When will we have pizza?


----------



## save$ (Aug 19, 2012)

Very impressive!  Just like they do on HGTV.    
Will you be keeping the grass along side the cooking area?   
We can't use a lawn type base in a walking area here.  Too much rain,  wet half the time.  
I just finished off a small patio area with pavers and crushed stone over a couple layers of ground cloth.  Fairly inexpensive.  
Hope you let us know how that pizza oven works out for you.  Some of the best pizza I ever had came out of a stone oven.


----------



## fishingpol (Aug 20, 2012)

I wish my oven door was as wide as yours is going to be, but the ratios said otherwise.  Will the dome be insulated or is the refractory the only insulator?

Looking good!


----------



## Eatonpcat (Aug 20, 2012)

That' some talent there...Gonna be awesome!


----------



## ironpony (Aug 20, 2012)

Defiant said:


> When will we have pizza?


 
hopfully by the end of September


----------



## ironpony (Aug 20, 2012)

save$ said:


> Very impressive!
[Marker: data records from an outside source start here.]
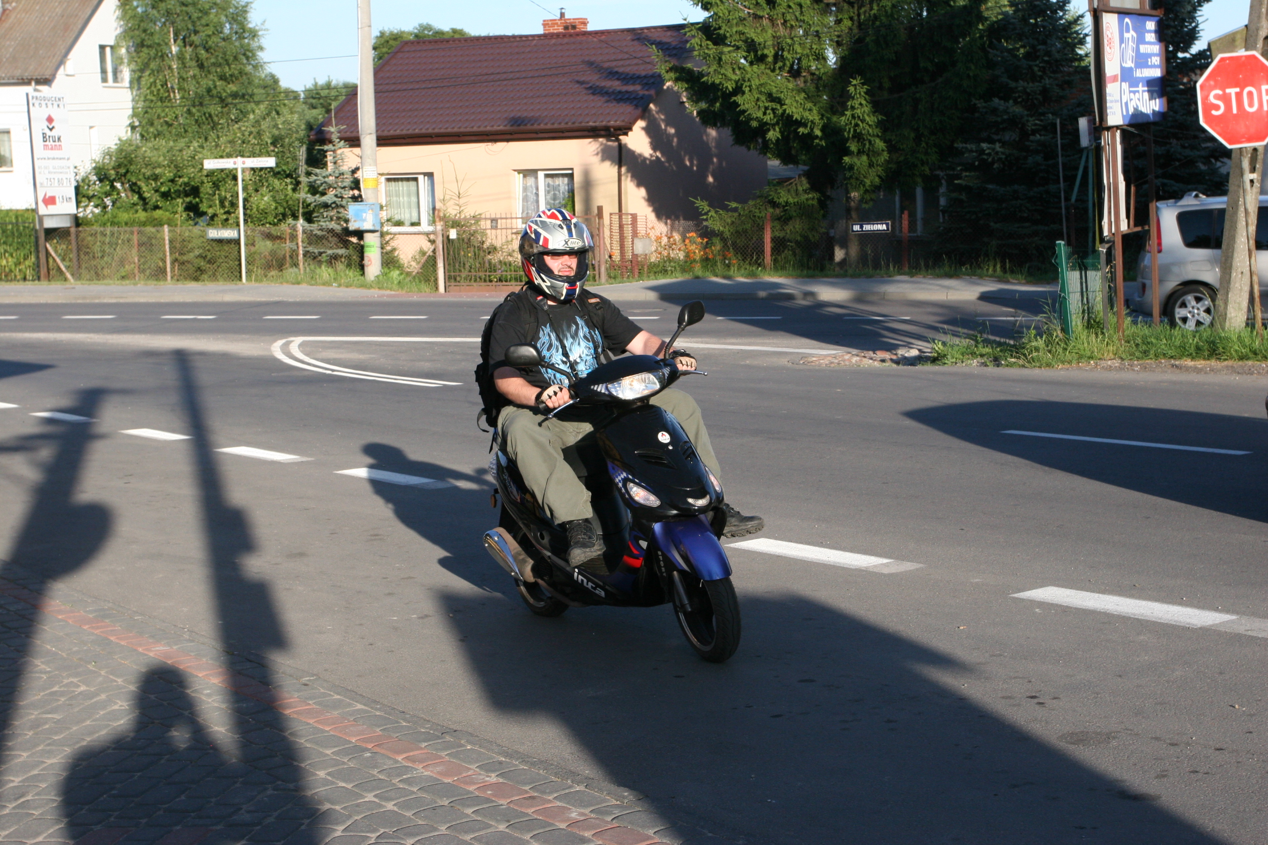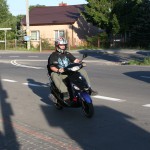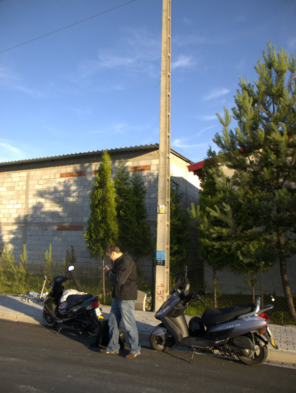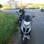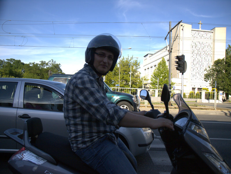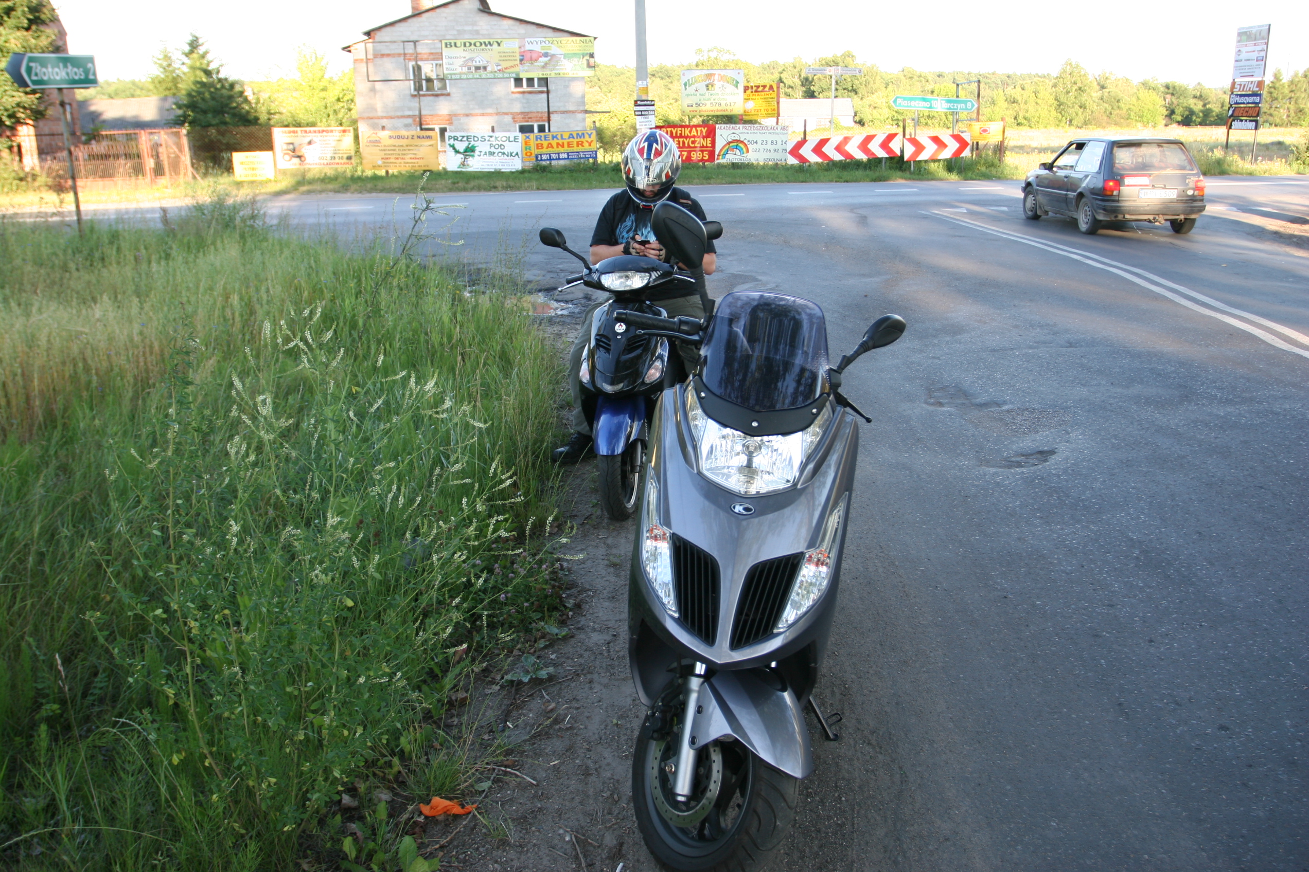 Piątek był bardzo upalny, w słońcu ponad 30 stopni, mimo, że wyruszaliśmy około 18. Ruch na wylotówkach Warszawy też był upiorny. Przemek, który dopiero zaczyna swoją przygodę ze skuterem miał trochę obaw w korkach, ale świetnie sobie poradził, choć było kilka sytuacji w których, jak mówi „ciśnienie skoczyło”. W sumie nie ma się co dziwić, połowa stołecznej społeczności w piątkowy wieczór wraca do swoich domów oddalonych o kilkadziesiąt, czy kilkaset kilometrów, a w takim upale nie trudno o dekoncentrację, czy brak cierpliwości do kierowców jednośladów, którzy „złośliwie” przeciskają się między samochodami, żeby tylko pokazać, że „Ja w Korkach nie Stoję”.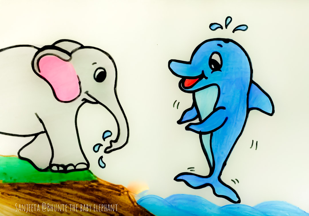 It was a mid-day. Bhunte’s herd was near the river bank. Everyone in the herd was lazily grazing. They were scrapping out the grasses with their front foot and smashing the grasses on another front foot to get rid of mud and dirt and then, were feeding on them. While Bhunte was dawdling around smelling dungs, shooing away Mynas and playing with his trunk, he felt thirsty and went to the nearby river. While he was drinking, he saw a large fellow somersaulting and splashing amidst the river. Bhunte was curious, again. This fellow with a snout and the soft shiny-coat came floating towards Bhunte and jumped again. Bhunte too got drenched with that splash. With a very friendly attitude, this fellow whistled and introduced himself- “Hellooo, my brother, I am Chantu. A river dolphin. I am very happy to meet you.” He whistled again. Bhunte too spread his ears and trumpeted and started randomly running and following his new friend- Chantu. Chantu used to dive in and whirl on the air and again- ‘Splassshhh’. Bhunte was so happy- he ran along the river bank, while Chantu floated swiftly. Chantu whistled and Bhunte trumpeted. The entire forests and river bank joyously relished a new symphony! However, both Bhunte and Chantu were unaware about the fate of their abodes and their existence. Many of Chantus get trapped in the fishing nets, embankments/ dams, and lose their lives. Over-exploitation and river-poisoning caused by booming populations of humans have risked their existence and survival. Known for their human-like personality and intelligence, dolphins are also called ‘non-human persons’. While Bhunte and Chantu were engrossed in enjoying their new friendship- their future hushed!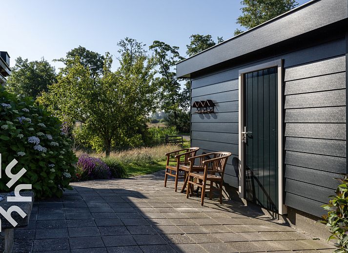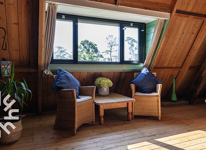 Au rez-de-chaussée se trouve la salle de séjour avec un coin salon et salle à manger et une cheminée chaleureuse. La cuisine est équipée d'une cuisinière à gaz à quatre feux, d'un réfrigérateur, d'une bouilloire et d'une machine à café Senseo. La salle de bains est équipée d'une douche et d'un lavabo. Les toilettes sont séparées. Au premier étage se trouve la chambre à coucher spacieuse avec un lit double (200x200cm). Dans le jardin se trouve une terrasse avec des meubles de jardin. Il y a un abri où les vélos peuvent être rangés sous clé. Toutes les pièces sont équipées de stores et de moustiquaires.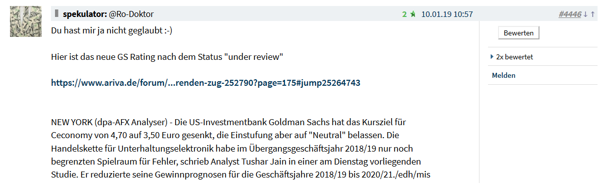 Ich meinte auf #4491 dass durch den massiven Kauf der Wikifolios die Ceconomy Aktie gestützt wird.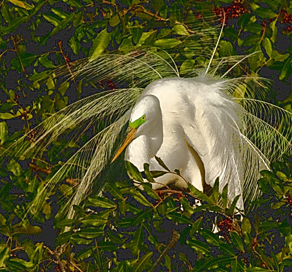 It must be nice to see a bird this beautiful in the wild. I agree with Leonid that there is insufficient contrast in the Egret. As you folks are aware of, I like to see more of the background or surroundings in my shots that you do. In my image below I've increased contrast in the Egret, brightened the background, and cropped to make the bird more prominent. I've also tried to sharpen, but there is a limit when you are starting with a small jpg and crop significantly. I think that the grey region along the top of the body and head are a result of some initial editing of the image. |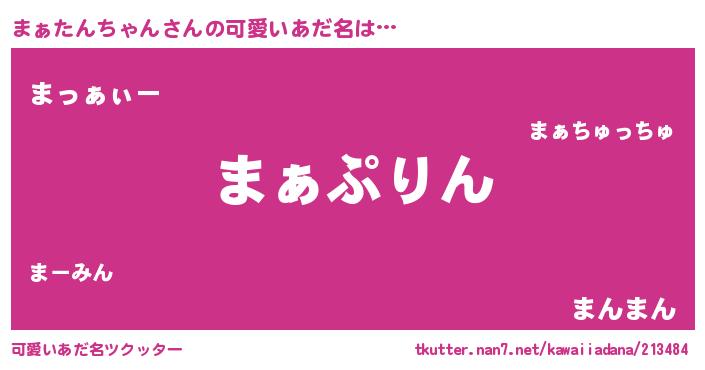 | 胡散臭い通販商品みたいなあだ名 | 『信頼と実績のサプリメント…その名も「まぁたんちゃん」』 |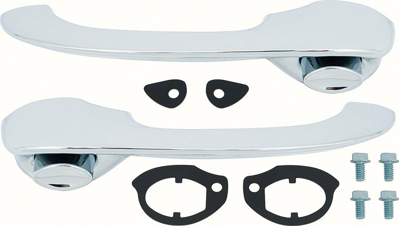 Reproduction of the original outer door handles designed for use on 1968-79 Chevy II, Nova and X-body models. Replace your original pitted or worn-out outer door handles and give your restoration the look it deserves with this comprehensive complete set including the door hanels, push buttons and hardware. Each handle is manufactured in die-cast zinc and triple chrome plated. Manufactured to exact factory specifications that will replace the original outer door handles exactly.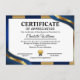 This elegant Certificate of Appreciation features a professional blue and gold design, perfect for recognizing employees, teachers, students, or team members. Ideal for corporate awards, years of service recognition, school achievements, and formal appreciation ceremonies. Fully customizable with name, organization, date, and signature. A timeless and professional certificate suitable for business, education, and organizational use.
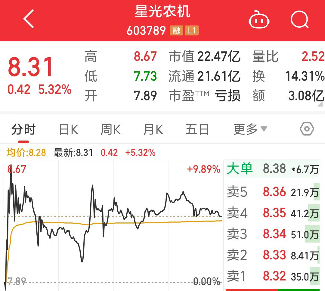 值得注意的是,星光农机股票于2月17日、2月18日连续两个交易日收盘价格累计涨幅达到21.68%,2月19日又大涨5.32%。据统计,该股自2月5日至今累计涨幅近40%。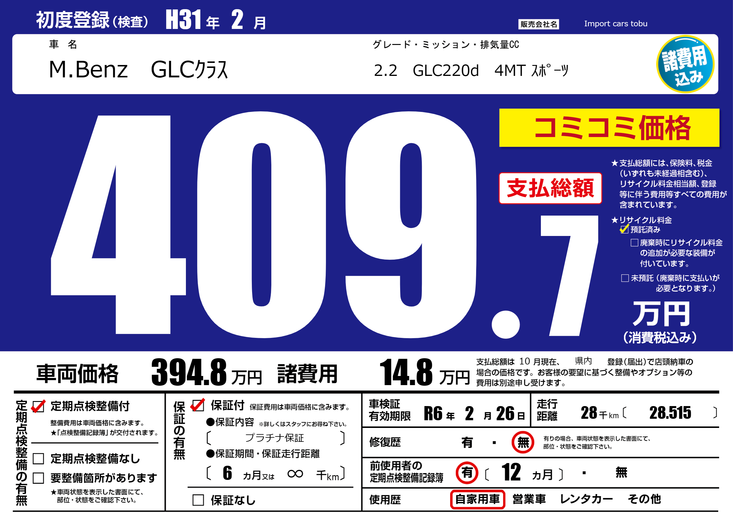 | 車名 | M.Benz GLCクラス | グレード ミッション 排気量 |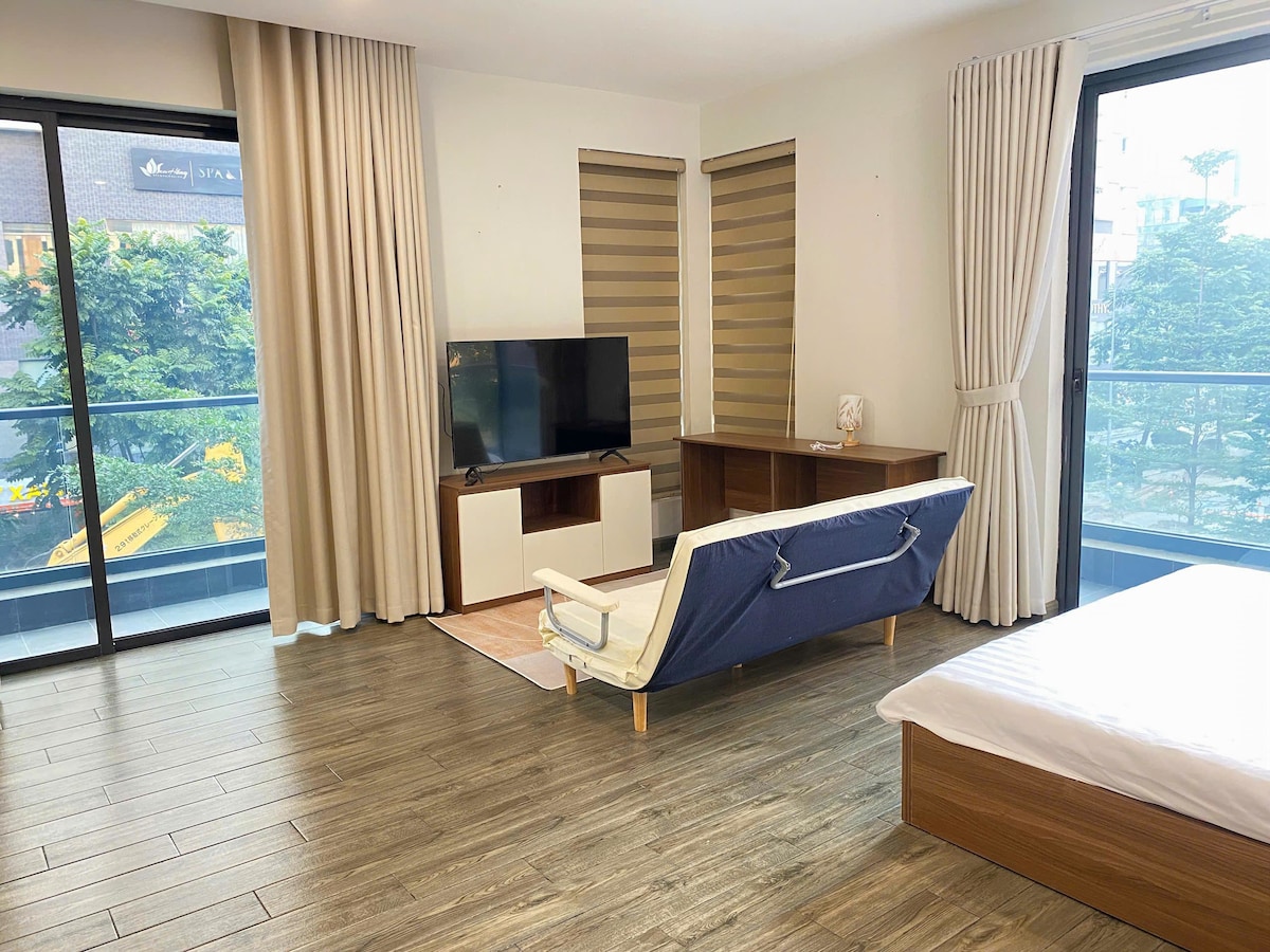 Phòng VIP 40m² mới 100% tại Ladino Home – 6th Element, Tây Hồ Tây. + Ô tô đỗ cửa, 2 ban công lớn thoáng sáng. + Có khu vui chơi trẻ em – khu thư giãn người lớn – vườn hoa xanh mát. + Full tiện nghi: giường êm, Smart TV, điều hòa, tủ lạnh, bếp, bàn làm việc, phòng tắm riêng. Máy giặt – máy sấy miễn phí tầng 5. + Vị trí thuận lợi: 10 phút tới Hồ Tây, 15 phút tới Lăng Bác, 30 phút sân bay; vài phút tới Ba Đình, Cầu Giấy, Nam/Bắc Từ Liêm. + Khóa vân tay, thang máy, cafe – nhà hàng – Winmart 20m.

Just like they do on HGTV.
> Will you be keeping the grass along side the cooking area?
> We can't use a lawn type base in a walking area here. Too much rain, wet half the time.
> I just finished off a small patio area with pavers and crushed stone over a couple layers of ground cloth. Fairly inexpensive.
> Hope you let us know how that pizza oven works out for you. Some of the best pizza I ever had came out of a stone oven.


 
either flagstone or pavers to match the courtyard


----------



## ironpony (Aug 20, 2012)

fishingpol said:


> I wish my oven door was as wide as yours is going to be, but the ratios said otherwise. Will the dome be insulated or is the refractory the only insulator?
> 
> Looking good!


 
it will be insulated, with an insulating refractory 2" thick then 1" stucco coat. I used the dimensions off the Forna Bravo website for a Neopoliton pizza oven. there is a dimensioned print.


----------



## ironpony (Aug 21, 2012)

priced out the heat stop castable refractory and insulating refractory today. looks like $500 should cover it. cheaper than I thought it would be. stocked locally, I am sure that saved some money.
might also price ceramic insulation for dome. I think castable will be easier to stucco over though


----------